# problem with monitor's width !



## metallicaband (Jun 13, 2005)

Hey all, 

I'm having problems with my monitor's width, it looks like this :

http://img45.imageshack.us/img45/3224/monitor5zt.gif

The screen should be full, without those black voids.. 

Any help would be really appreciated.. !

Thanks in advance.


----------



## ebackhus (Apr 21, 2005)

Are there adjustment knobs or menus with that monitor?


----------



## metallicaband (Jun 13, 2005)

Yeah it does have an adjusting menu, here are the options:

-Brightness & Contrast
-Position
-Size ( My problem should be fixed by this, but it's set to it's maximum width and I'm still having the problem ).
-Shape
-Color
-Setup ( Video Level=0.7V , Language=English, OSD Time = 20 secs )
-Special (Degauss=ON, Recall=ON, Reset=ON, Moire= H:0, V:0 )
800x600 / 60Hz ( I have the same problem with all resolutions )


So what do you guys think the problem is ?, Is it because it's set to 60Hz, If so, how can I change it ?

If you think it's caused by something else, please help me fix it...

Thanks in advance.


----------



## whodat (Mar 13, 2005)

have you tried going into settings... under display in the control panel?

does it list your monitor? or does it show a plug and play monitor?

perhaps you can update the driver for the monitor.


----------



## leroys1000 (Aug 16, 2005)

Make sure your motherboard and video card drivers are installed.
Check your monitor to see if it has a setting called expand in the menu
and enable it.
Right click on the desktop,choose properties,then click the settings tab.
Set your monitor to at least 1024X768 resolution and click apply.
Then try adjusting the monitor again.
It may be your monitor may not fully display at the lower resolution.
Is it a CRT or LCD monitor?


----------



## metallicaband (Jun 13, 2005)

It's a CRT monitor, I'm still having the same problem with any resulotion I choose. The monitor used to work without any problem before, but I just came back from a 3 months vacation and I'm getting this problem now ! 
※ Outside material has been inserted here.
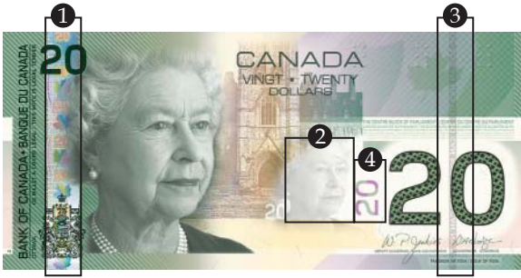
© Banque du Canada/Bank of Canada

But in my setting's, it shows my PC's monitor as Plug and Play and my TV as default, here's a pic:










In my TV, the screen is full, which means I'm only getting the problem with my PC's monitor.. , maybe I should change the default and plug and play thing ?, so how can I change it ?

Thanks in advance.


----------



## leroys1000 (Aug 16, 2005)

The picture of 2 monitors in the settings page can be used to
select the monitor for adjustment.
Click the picture with the 1 in it to adjust the resolution for
that monitor.
You can set the monitor to default by right clicking the picture
with the 1 in it,and select primary.


----------



## metallicaband (Jun 13, 2005)

I do know how to adjust each of 'em. Monitor 1 ( My PC's monitor) is already set as my primary monitor. Also, as I said, I get the same problem with my PC's monitor with any resulotion (800x600, 1024x768..etc). 

I tried to mess around the settings to get it right, but nothing worked..

I really need to fix this problem as soon as possible, help me out guys !


----------



## whodat (Mar 13, 2005)

check your device manager for any yellow alerts...especially by the video display.


----------



## metallicaband (Jun 13, 2005)

I don't see any alerts.. , here's a screenshot of my device manager :

http://img190.imageshack.us/img190/6505/devicemanager5wa.jpg


----------



## whodat (Mar 13, 2005)

remove all the monitors in your device manager and reboot
you have too many listed
good luck


----------